The book says that this word means "demanding," but unfortunately it doesn't give any examples of usage - except in one exercise, in which the word is used in connection with "szkoła."

My question is whether "wymagający" can be used in other contexts in which we would use "demanding" in English.

Do the following make sense?

_Ta książka jest wymagająca._
_To pytanie jest wymagające._ 

Any insight about the connotations of this word, as well as examples, would be appreciated. Dziękuję.


----------



## Monica610

Yes, the book can be "wymagająca" and then it means that it is hard to understand it, it needs a lot of  attention and concentretion. Did you mean it? If yes, then it's ok but we use this word rather rarely in this context. More often we just say "Ta książka jest ciężka, trudna" (hard, difficult), "To pytanie jest trudne".
I hope this will help you, if not, then just ask or simply write an privite message


----------



## elroy

I was not trying to write a specific sentence.   I was just trying to figure out when exactly this word could be used.

I understand that it would be unusual to use this word with "książka" or "pytanie," but could you perhaps give me examples of other nouns that you could be described as "wymagający"?

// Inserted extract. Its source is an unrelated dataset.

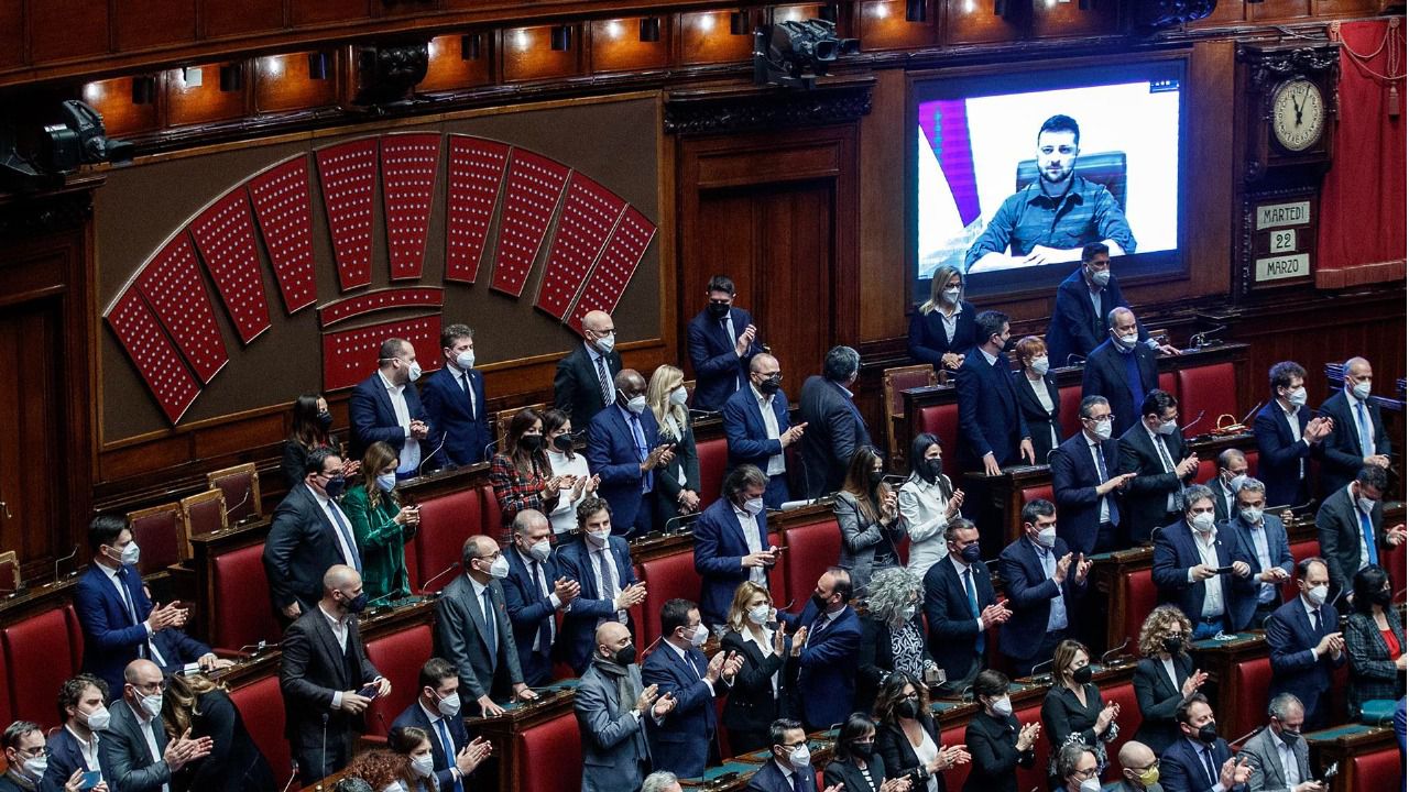 "La invasión dura desde hace 27 días, un mes, y necesitamos otras sanciones y otras presiones para que Rusia no pueda abastecerse de reservas militares en Libia o Siria, y para que vuelva la paz", dijo Zelenski, que fue recibido con los cerca de mil parlamentarios italianos puestos en pie y con un fuerte aplauso.

The book gave "szkoła."  What are some other nouns with which this word would not sound unusual?

Thanks again.


----------



## Monica610

It may sound a little strange to you, but we really do not use word "wymagający/a" describing something else than "szkoła", "nauczyciel" (teacher) etc. Maybe also "rodzice" (parents) but I have no other ideas for now! I'll write when I come up with something
But, of course, if you use it describing a book , it won't be a mistake, but it's simply rare. Just how I've explained it before!


----------



## elroy

Sounds to me like a better translation would be "strict" (although I think "demanding" works better with "school" - and definitely with "book"!).

Thanks again, Monica!


----------



## Monica610

The teacher can be both strict (surowy)  and demanding (wymagający)


----------



## Jana337

OK, I googled it and would like to ask you for a confirmation of my translations:

Wymagający rywale - tough competitors?
Wymagający (name of some software) - exhaustive, complete?
Dziś klient jest bardzo wymagający - customers are very demanding nowadays
wymagający rynek unijny - a very competitive market of the EU
Cukrzyca typu 2 (nie wymagająca wstrzyknięć insuliny) - diabetes II (not requiring insulin) - here it is a participle and not an adjective
Praca wymagająca samodyscypliny - work requiring self-discipline - again a participle
Wikipedia: Strony wymagające weryfikacji - Pages requiring authorization - a participle

Jana


----------



## Monica610

Actually correct but I don't understand this:

Wymagający (name of some software) - exhaustive, complete

Shouldn't there be "wymagany"?

PS: "competitors" is a good example i forgot about it.


----------



## Marga H

Cześć!
*wymagający*  adj,usually in context boss,teacher,parent
To jest wymagający szef.
Mój ojciec jest bardzo wymagający.
Wymagający nauczyciel nie zaliczy tego zadania.
*wymagający* participle usually with :sth ,of somebody
pacjent wymagający operacji=pacjent wymaga operacji
praca wymagająca cierpliwości = ta praca wymaga cierpliwości (this work requires patience)
decyzja wymagająca czasu (do namysłu) a decision requires long time(of deeply thinking)
książka wymagająca uwagi (skupienia)podczas czytania
film wymagający mocnych nerwów poczas oglądania (you need have stron g nerves  to watching this film)
Hope it helps a little.
Mam nadzieję,ze to trochę pomoże.


----------



## Marga H

I have read this thread once more and would like to add that "wymagająca szkoła" is gramatically correct but for my polish ear doesn't sound well.I would rather say "szkoła o wysokim poziomie (nauczania)" literaly:high level of teaching.
Pozdrowienia.


----------